While the extent of the role that allometry plays in evolution isn't totally clear, we know from examples that it does play some role. It's easy to see this if we look around at related species. For example, hominid skulls are very alike and often differ in ways that are easily explained by small variations in developmental growth patterns. Extra or earlier cell proliferation here, less or later cell proliferation there. While we know many genetic markers of cell proliferation (for example cell-cycle regulator Cyclin D1) increase cell-proliferation, there are many different upstream activators of proliferation depending on tissue/cell-type and developmental stage. To begin to understand the role of allometry in evolution, researchers compare tissue growth and the regulators of that growth between fairly closely related species.

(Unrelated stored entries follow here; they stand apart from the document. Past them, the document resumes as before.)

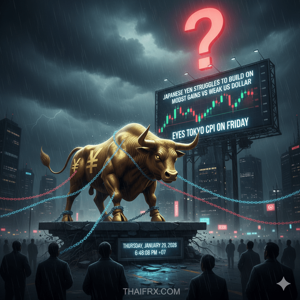 วิเคราะห์สถานการณ์ค่าเงินเยน (JPY) ประจำวันที่ 29 มกราคม 2569 ซึ่งกำลังอยู่ในสภาวะ “อ่อนแอและขาดแรงส่ง” (Struggles to build on gains) แม้เงินดอลลาร์จะอ่อนค่าลงทั่วโลกก็ตามครับ
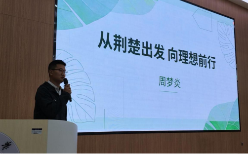 近日,食品与生物学院“荆楚大讲堂”暨优秀校友返校宣讲会成功举办。学院2014级园林技术专业优秀毕业生周梦炎、倪睿鑫应邀返校,以“从荆楚出发 向理想前行”为主题,联袂分享返乡创业历程与成长感悟,激励广大学子扎根专业、勇于实践、逐梦前行。
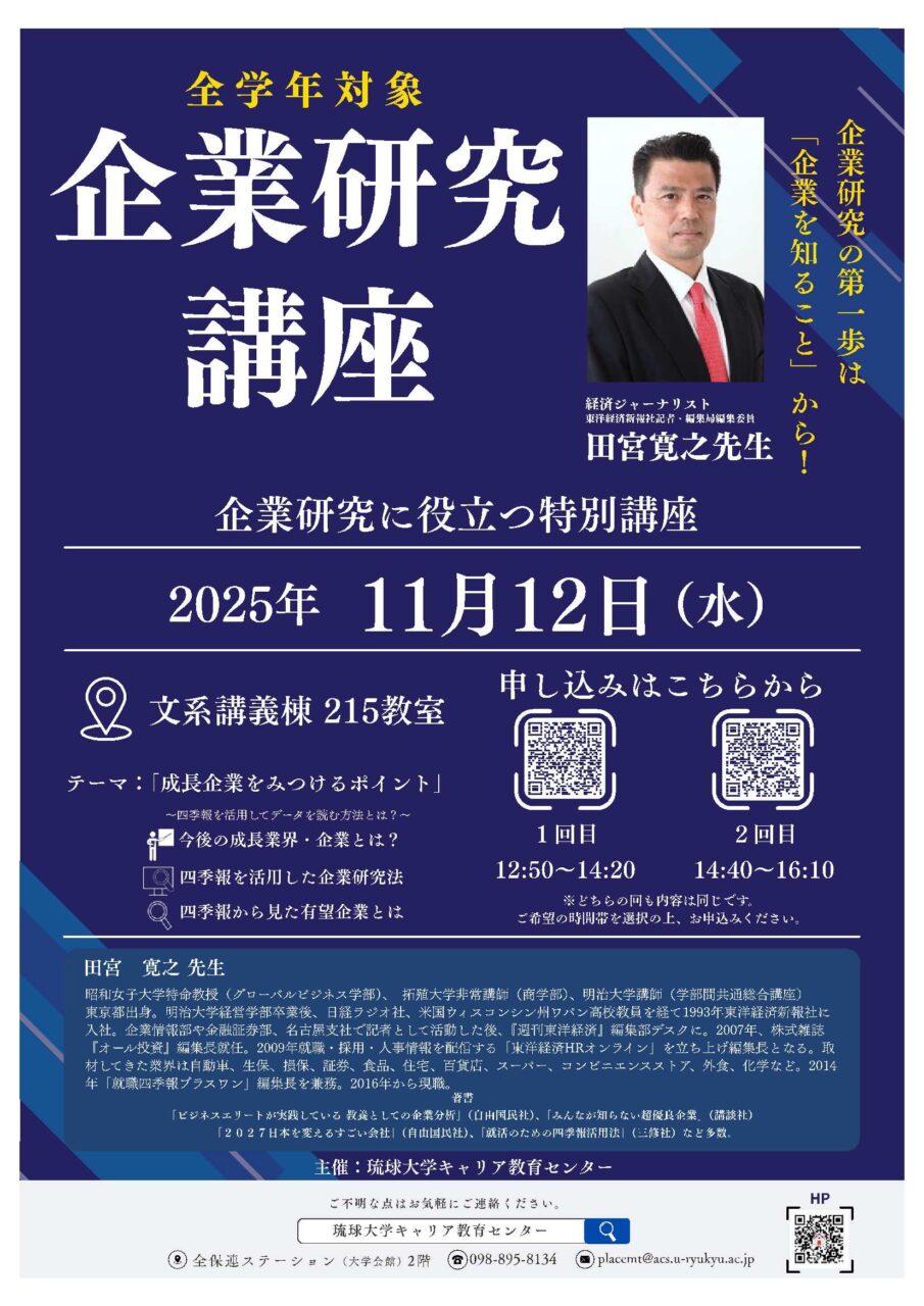 琉大キャリア教育センターから「11/12(水)企業研究講座」のお知らせです。
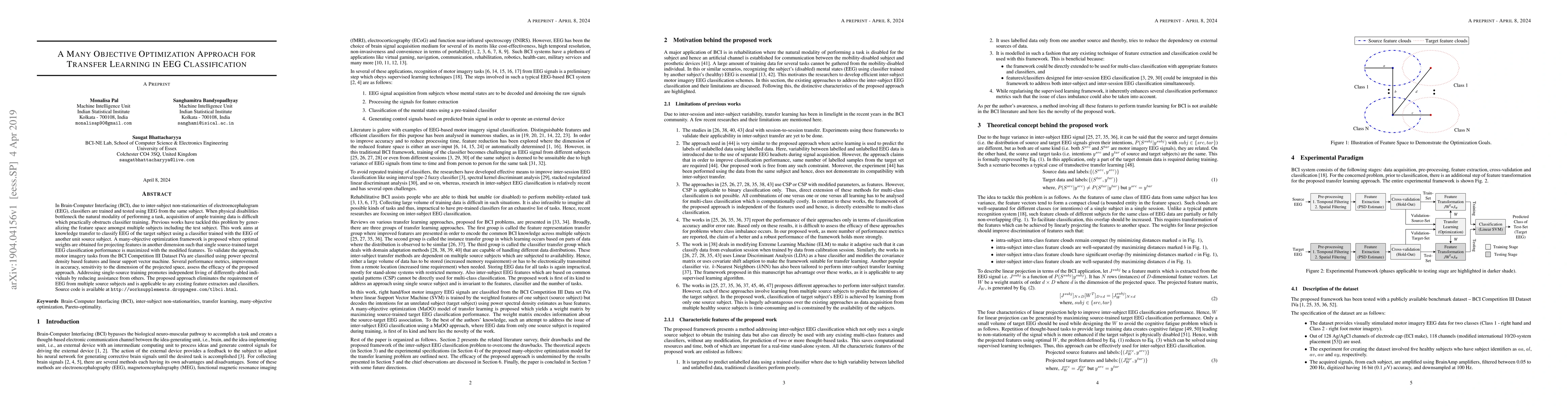In Brain-Computer Interfacing (BCI), due to inter-subject non-stationarities of electroencephalogram (EEG), classifiers are trained and tested using EEG from the same subject. When physical disabilities bottleneck the natural modality of performing a task, acquisition of ample training data is difficult which practically obstructs classifier training. Previous works have tackled this problem by generalizing the feature space amongst multiple subjects including the test subject. This work aims at knowledge transfer to classify EEG of the target subject using a classifier trained with the EEG of another unit source subject. A many-objective optimization framework is proposed where optimal weights are obtained for projecting features in another dimension such that single source-trained target EEG classification performance is maximized with the modified features. To validate the approach, motor imagery tasks from the BCI Competition III Dataset IVa are classified using power spectral density based features and linear support vector machine. Several performance metrics, improvement in accuracy, sensitivity to the dimension of the projected space, assess the efficacy of the proposed approach. Addressing single-source training promotes independent living of differently-abled individuals by reducing assistance from others. The proposed approach eliminates the requirement of EEG from multiple source subjects and is applicable to any existing feature extractors and classifiers. Source code is available at http://worksupplements.droppages.com/tlbci.html.
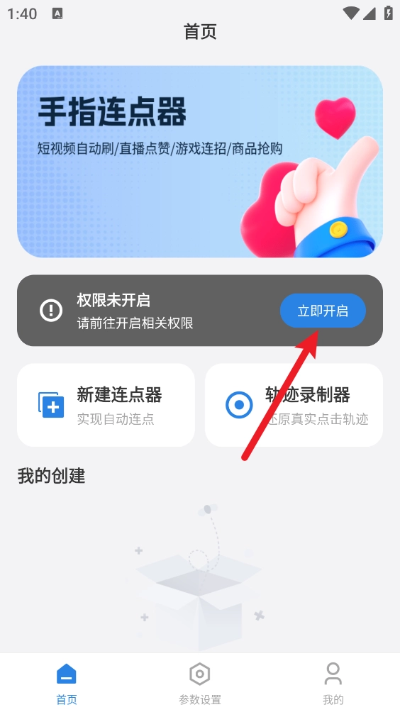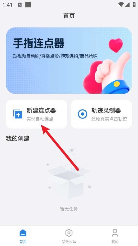 完成开启后返回主页点击"新建连点器"。
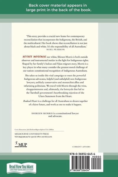 Neither Indigenous nor white, Shireen Morris is both outside observer and instrumental insider in the fight for Indigenous rights. Shaped by her family's Indian and Fijian migrant story, Morris is a key player in what many consider the greatest moral challenge of our nation: constitutional recognition of Indigenous Australians. She takes us inside this vital campaign to meet the powerful Indigenous advocates, helpful (and unhelpful) non-Indigenous lawyers, unlikely conservative and monarchist allies and infuriating politicians. We travel with Morris through the wins, disappointments and, ultimately, the betrayals that led to the Turnbull government's heartbreaking rejection of the Uluru Statement from the Heart. Radical Heart is a challenge for all Australians to dream together of a fairer future, and work as one to make it happen.
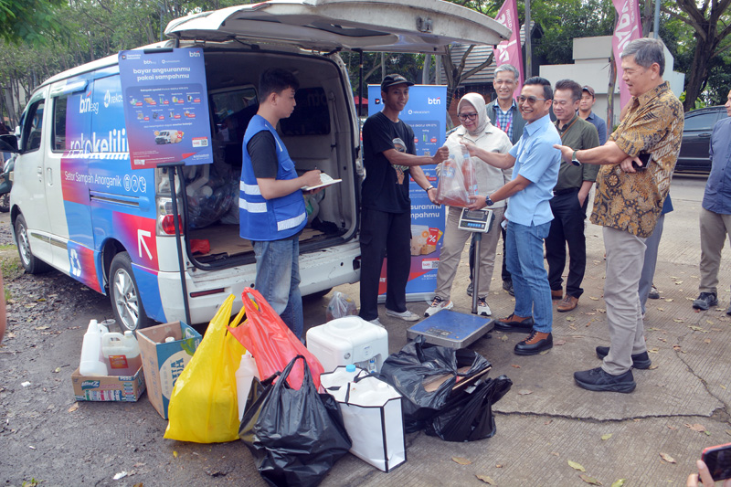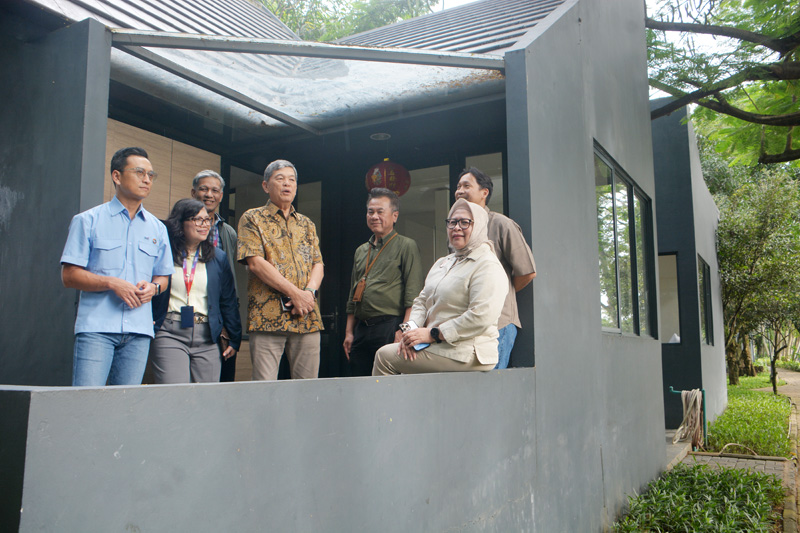 (kedua kanan) berbincang di salah satu rumah rendah emisi yang dibiayai BTN di Mutiara Gading City, Bekasi, Rabu (4/2/2026). Hingga akhir 2025, BTN telah menyalurkan pembiayaan untuk pembangunan 11.000 rumah rendah emisi dari berbagai developer di berbagai daerah, contohnya Legok, Cileungsi, Medan, Semarang, Cirebon, dan Bekasi. Tahun ini perseroan menargetkan membiayai 20.000 unit rumah rendah emisi. Sampai tahun 2030, BTN membidik akan membiayai 200.000 unit karena rumah merupakan salah satu penyumbang terbesar emisi.B.Tri Prasetyo.
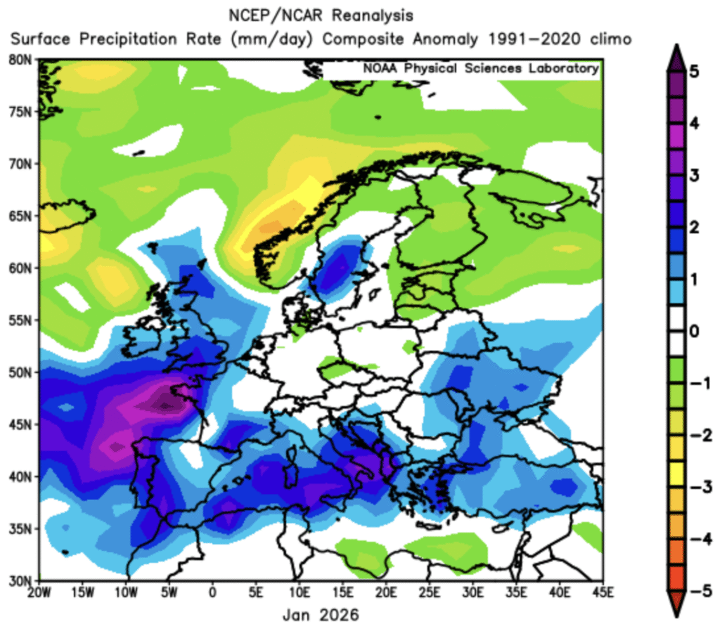 With regards to precipitation, drier conditions were observed to the north-east, with wetter conditions across western and southern Europe.
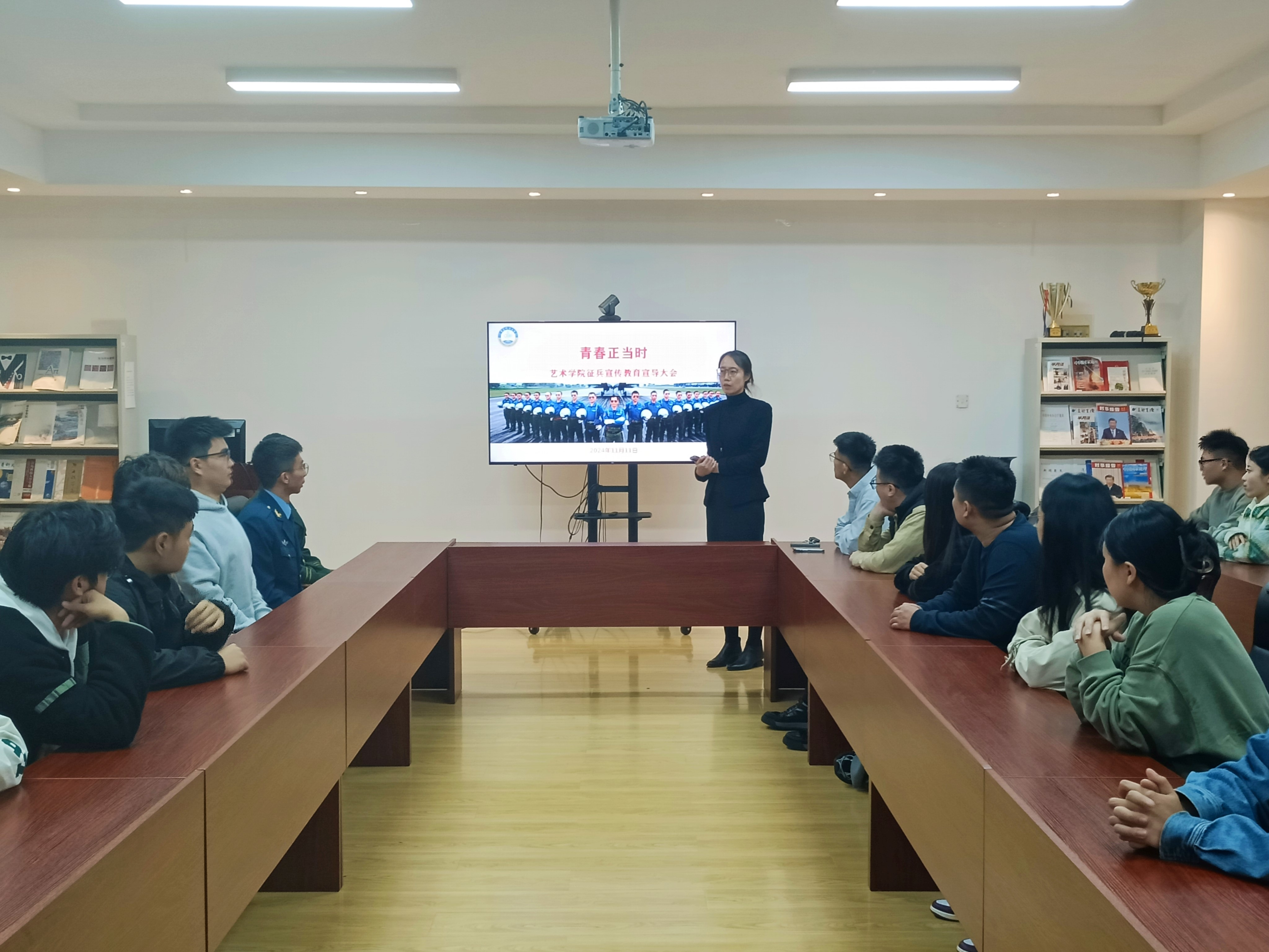 为深入贯彻习近平总书记关于新时代强军思想的重要论述,11月11日,2022级研究生“青春正当时”征兵宣传教育主题班会在213会议室举行,辅导员丁一宁出席班会,学院研究生、退役士兵代表张圣勇、宋鹏宇担任主讲人。
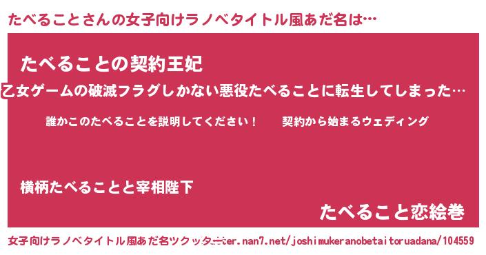 | 男性向けラノベタイトル風あだ名 | 『タベルコトアートオンライン』 |

Two places where both the development and evolution of size and shape changes are fairly well understood are beak shapes in birds and elytra in beetles. One of the most famous examples of evolution is Darwin's Finches. This group of finches underwent an adaptive radiation on the Galapagos Islands beginning about 2.3 million years ago12. Since then, the finches have adapted to different island niches into 14 different species. Comparing beak morphology between these species uncovered two conserved allometric programs for changing cell proliferation patterns. In early development, beak width is regulated by levels of BMP4 - higher BMP4 means a deeper and wider beak. For example, ground finches have high BMP4 expression in a region that signals to the predominate skeletogenic region of the early beak - the pre-nasal cartilage (pnc)13. Likewise, high levels of calmodulin next to the pnc are associated with longer beaks, like the beaks of cactus finches (Figure 8).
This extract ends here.